The exchange has announced plans to accelerate its "Go Broad, Go Deep" international strategy over the following two months, launching new products and services in markets on six continents.
Coinbase has started talking to its existing international clients including market makers and institutional investment firms about setting up a separate platform headquartered outside the U.S., Bloomberg reported.
While Coinbase is already operating in more than 100 countries, all of those subsidiaries funnel clients to the same U.S. trading platform.
With a 24-hour trading volume of $2.8 billion in the past 24 hours, Coinbase is currently the second-largest spot exchange by volume — although it's a distant second behind Binance, which had 11 times the volume. CoinMarketCap is owned by Binance.
But it is barely in the very lucrative crypto derivatives business with its fledgling Coinbase Derivatives Exchange, a Commodity Futures Trading Commission-regulated platform it acquired in January 2021. That would change with the new global trading venue, which would offer derivatives as well as spot trading, sources told The Block.
An internationally headquartered platform would also offer the company an alternative to the the U.S., which is engaged in a regulatory crackdown that strengthened with the bankruptcy of Sam Bankman-Fried's FTX exchange and redoubled last week with the collapse of three crypto-related banks, including the two most important, Silvergate Bank and Signature Bank.
Follow the Regulations
The new platform would focus on "high-bar regulatory jurisdictions," Coinbase said.

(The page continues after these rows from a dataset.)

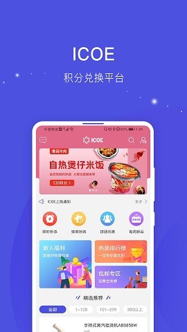 ICOE软件是一款拥有海量商品的购物商城,商品种类非常齐全,想买什么东西可以直接线上下单,非常方便快捷,能给你带来非常好的购物体验,商品质量也是有保证的哦,可以放心购买哦,每次交易成功后,还会有积分奖励哦。
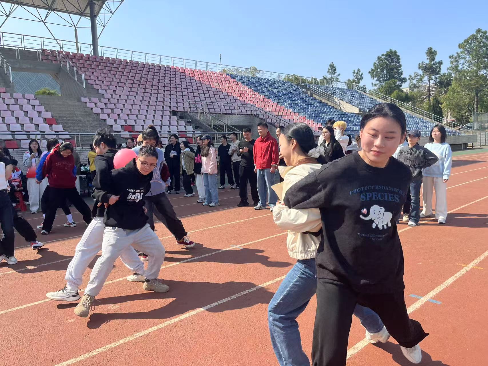 活动项目精彩纷呈,在“一圈到底”项目,同学们手持呼啦圈,迅速排成一列。随着比赛开始的哨声响起,呼啦圈在队伍中快速传递,大家紧密配合,眼神专注,手忙脚乱中又透着默契,现场不时爆发出阵阵欢呼声。紧接着的“鸿运当头”环节,同学们头顶气球,小心翼翼地在赛道上前行。气球的晃动、同学们的笑声交织在一起,构成了一幅欢乐的画面。气球一旦掉落,同学们便迅速捡起,继续投入比赛,彼此之间相互鼓励,毫无怨言。
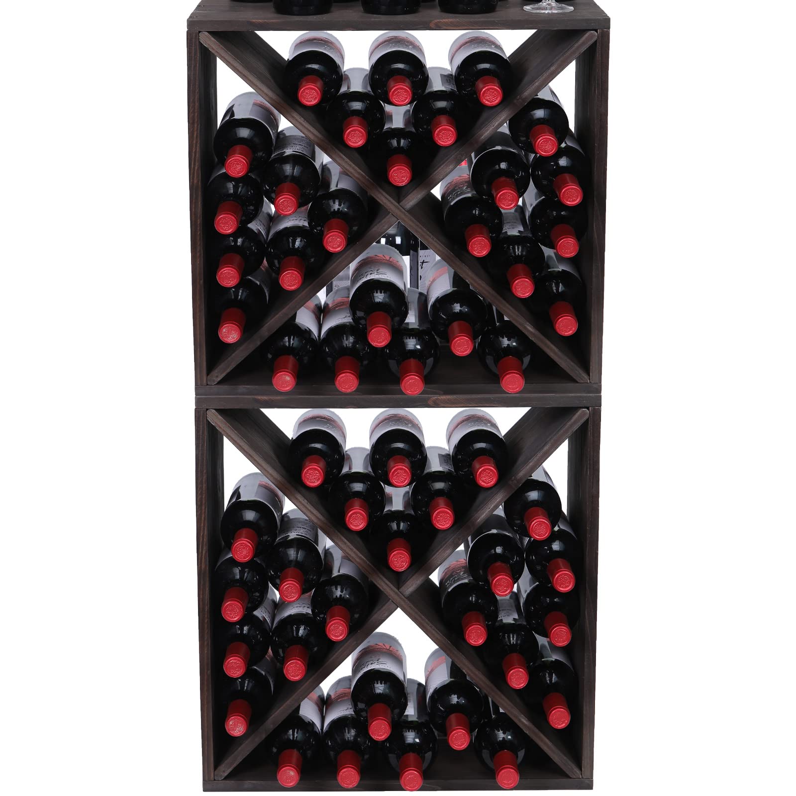 The wooden wine rack can easily store 24 bottles of wine to save cabinet space in the bar area or kitchen, storage room or wine cellar
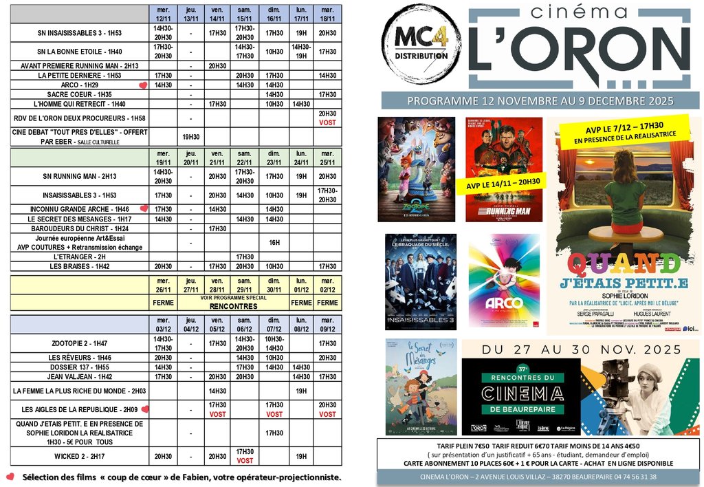 Programme du cinéma l’ Oron du 12 novembre au 9 décembre 2025
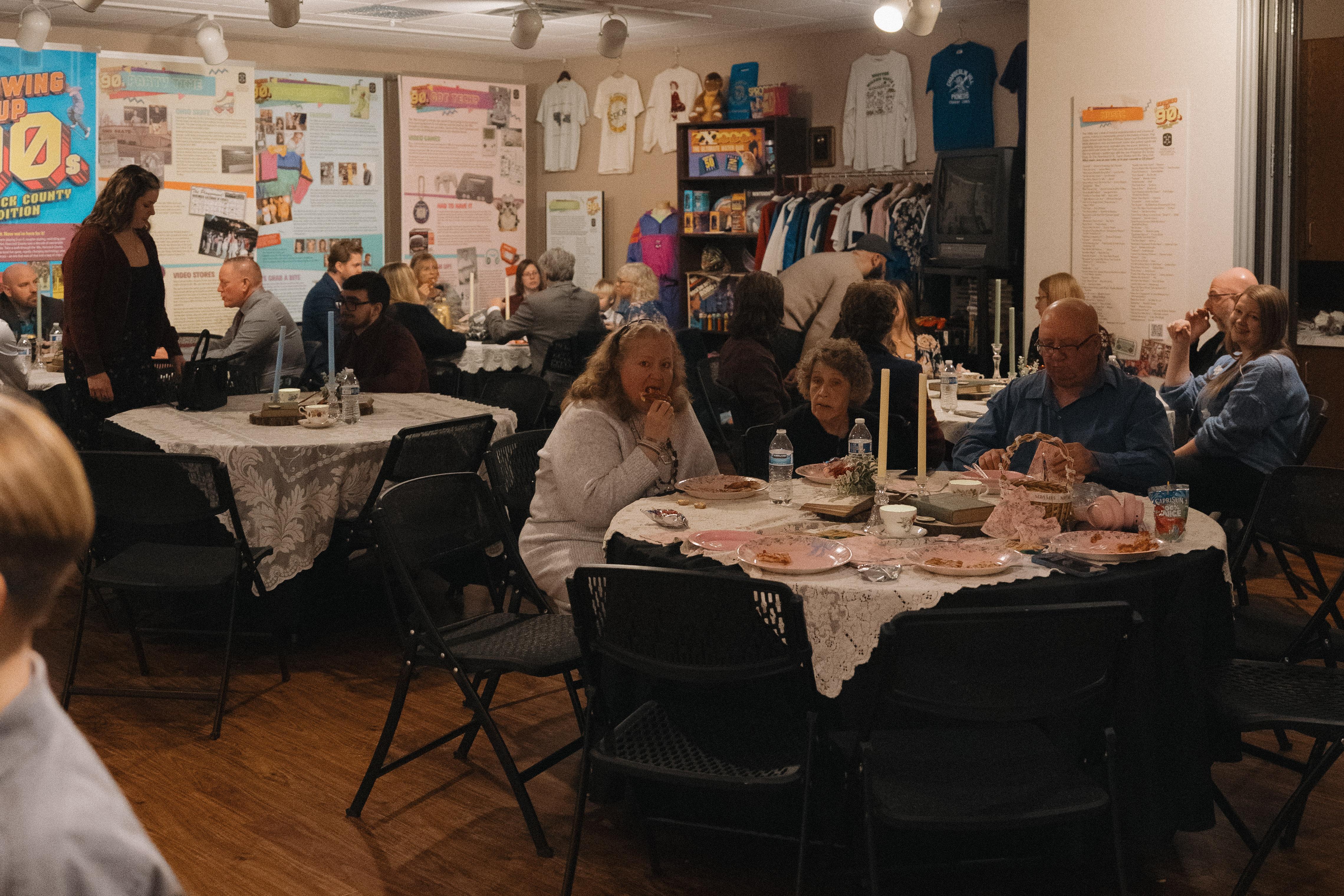 The Community Room features warm wooden floors and a relaxed atmosphere, highlighted by a fun 1990s-themed exhibit that adds a unique touch of nostalgia. The space connects directly to the museum galleries, allowing guests to easily explore exhibits and enjoy the surrounding historic campus during your event.
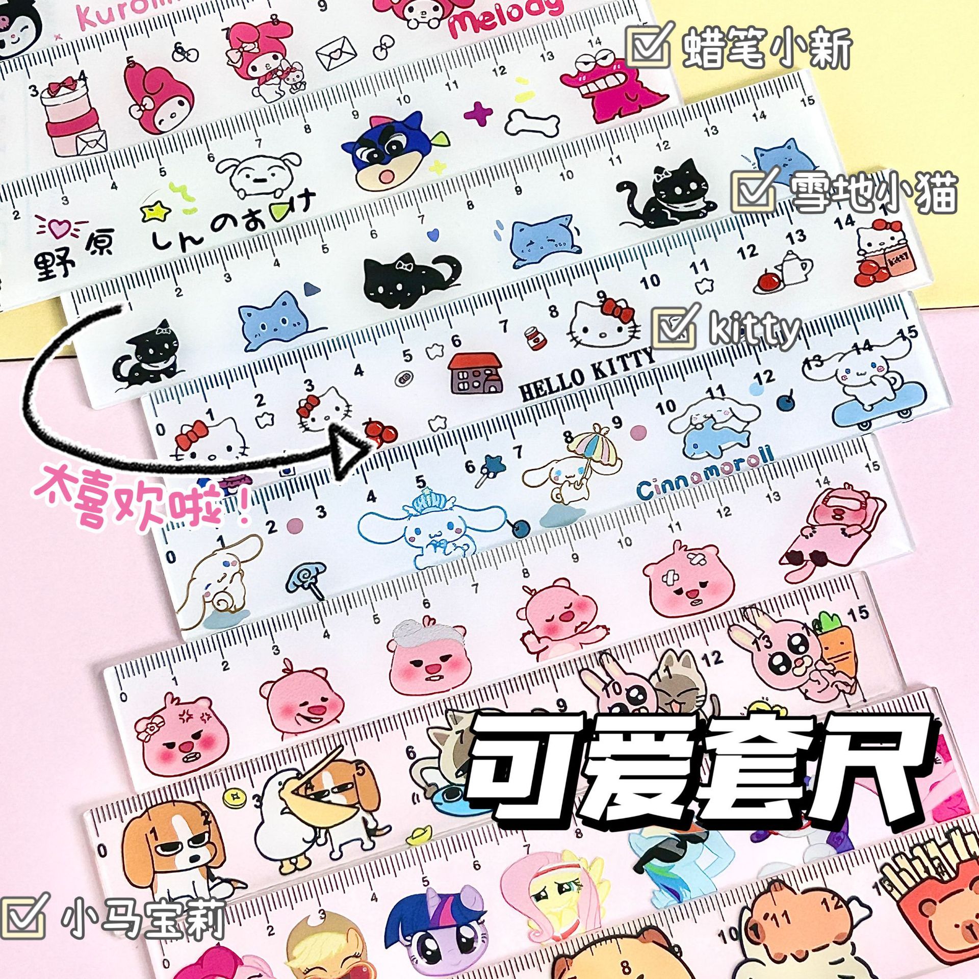 サンリオロック物差しかわいいkt猫ビーバー物差しアクリル学生15cm直尺文房具
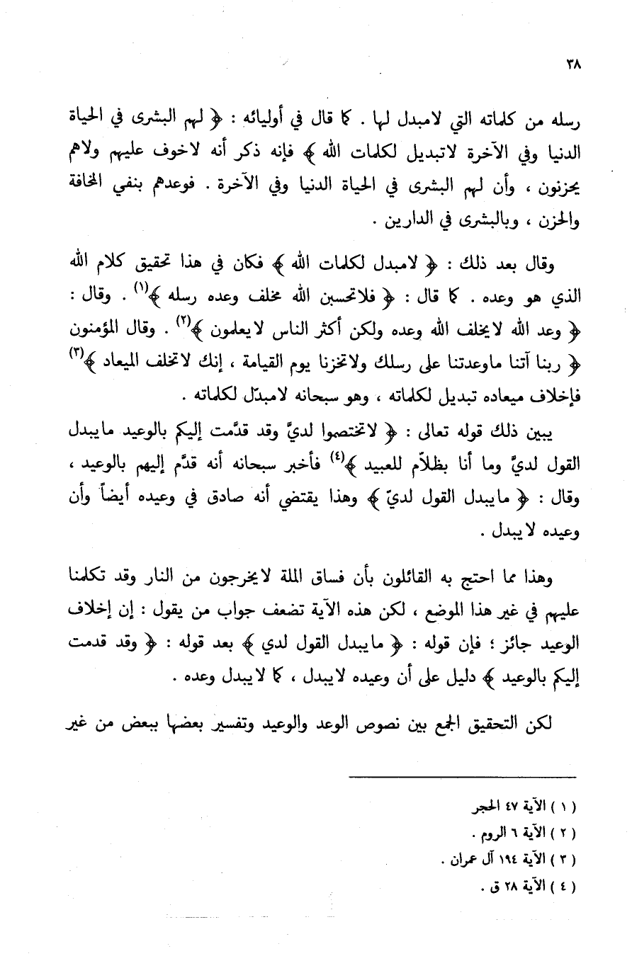 وقال بعد ذلك: {لا مبدل لكلمات الله} فكان في هذا تحقيق كلام الله الذي هو وعده, كما قال: {فَلا تَحْسَبَنَّ اللَّهَ مُخْلِفَ وَعْدِهِ رُسُلَهُ} 1. وقال: {وَعْدَ اللَّهِ لا يُخْلِفُ اللَّهُ وَعْدَهُ وَلَكِنَّ أَكْثَرَ النَّاسِ لا يَعْلَمُونَ} 2. وقال المؤمنون: {رَبَّنَا وَآتِنَا مَا وَعَدْتَنَا عَلَى رُسُلِكَ وَلا تُخْزِنَا يَوْمَ الْقِيَامَةِ إِنَّكَ لا تُخْلِفُ الْمِيعَادَ} 3 فإخلاف ميعاده تبديل لكماته.

That would include the U.K., SIngapore, and the EU, where the Markets in Crypto Assets (MiCA) regulatory package just passed.
A week after its recent "Go Broad, Go Deep" announcement, Coinbase pointed to the U.K. as a potential global crypto hub.
It said that recent moves by the Treasury and Exchequer show "that they are delivering on this commitment and recognise that digital assets and crypto will be a central pillar to future-proofing the competitiveness of the UK's financial centers."
Other destinations mentioned as aiming to become crypto hubs in the "Go Broad, Go Deep" announcement were Brazil, the UAE, Australia, Hong Kong, Switzerland, Bermuda and Japan.
"The U.S. risks falling behind both technologically and politically."
He has clashed with regulators several times recently, notably over a number of issues related to the Securities and Exchange Commission's (SEC) claim that nearly every cryptocurrency is a security.